**WORK ORDER**
Nothing but the lines below from the first through the one with "STM32F103是意法半导" should appear, printed exactly; please leave pictures out.

**STORED DATA**
○ ○ ○
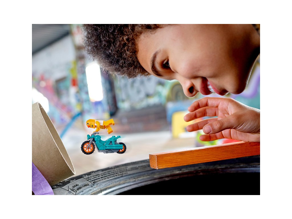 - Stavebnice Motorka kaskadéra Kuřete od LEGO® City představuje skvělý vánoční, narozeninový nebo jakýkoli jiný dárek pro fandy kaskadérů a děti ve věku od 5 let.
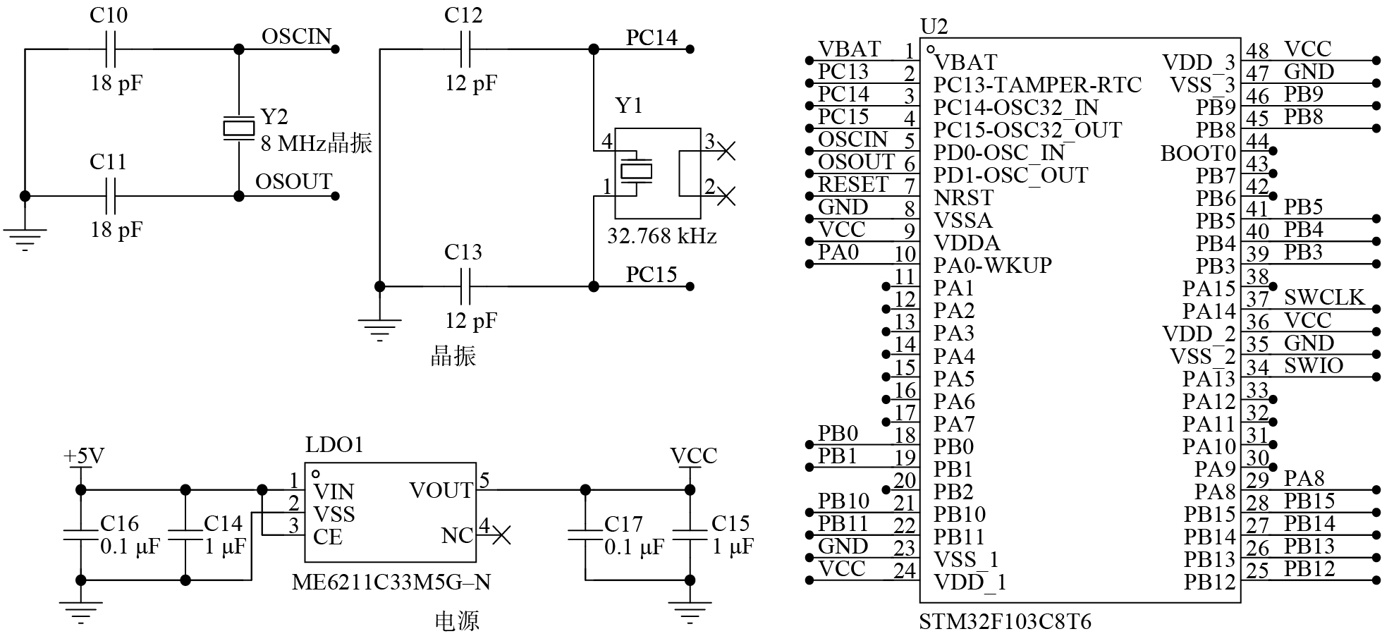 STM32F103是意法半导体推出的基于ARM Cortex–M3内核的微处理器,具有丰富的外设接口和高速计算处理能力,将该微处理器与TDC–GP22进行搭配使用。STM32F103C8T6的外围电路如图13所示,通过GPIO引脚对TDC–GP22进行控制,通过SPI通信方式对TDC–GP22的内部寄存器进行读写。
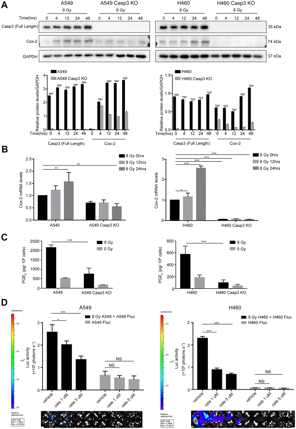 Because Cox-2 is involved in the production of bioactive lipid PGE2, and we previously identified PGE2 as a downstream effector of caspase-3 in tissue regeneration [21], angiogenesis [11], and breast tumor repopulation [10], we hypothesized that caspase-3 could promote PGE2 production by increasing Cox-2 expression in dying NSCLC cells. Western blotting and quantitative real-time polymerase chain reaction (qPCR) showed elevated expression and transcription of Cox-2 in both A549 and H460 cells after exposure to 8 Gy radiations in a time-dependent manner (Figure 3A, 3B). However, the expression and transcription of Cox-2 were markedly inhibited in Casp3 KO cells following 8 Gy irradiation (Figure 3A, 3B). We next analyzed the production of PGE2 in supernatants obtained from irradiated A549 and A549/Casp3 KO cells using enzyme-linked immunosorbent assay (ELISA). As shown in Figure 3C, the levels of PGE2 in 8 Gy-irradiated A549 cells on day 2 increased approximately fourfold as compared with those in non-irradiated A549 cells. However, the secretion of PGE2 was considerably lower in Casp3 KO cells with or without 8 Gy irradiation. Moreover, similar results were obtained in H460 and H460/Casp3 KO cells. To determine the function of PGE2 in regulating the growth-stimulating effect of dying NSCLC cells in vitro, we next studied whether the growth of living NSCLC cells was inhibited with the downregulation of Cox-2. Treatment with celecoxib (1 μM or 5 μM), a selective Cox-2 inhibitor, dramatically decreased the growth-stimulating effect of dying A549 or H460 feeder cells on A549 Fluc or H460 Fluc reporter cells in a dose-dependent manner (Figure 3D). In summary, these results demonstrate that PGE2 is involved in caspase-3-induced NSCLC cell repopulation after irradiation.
○ ○ ○
**REPLY TO THE EXERCISE**
 - Stavebnice Motorka kaskadéra Kuřete od LEGO® City představuje skvělý vánoční, narozeninový nebo jakýkoli jiný dárek pro fandy kaskadérů a děti ve věku od 5 let.
 STM32F103是意法半导体推出的基于ARM Cortex–M3内核的微处理器,具有丰富的外设接口和高速计算处理能力,将该微处理器与TDC–GP22进行搭配使用。STM32F103C8T6的外围电路如图13所示,通过GPIO引脚对TDC–GP22进行控制,通过SPI通信方式对TDC–GP22的内部寄存器进行读写。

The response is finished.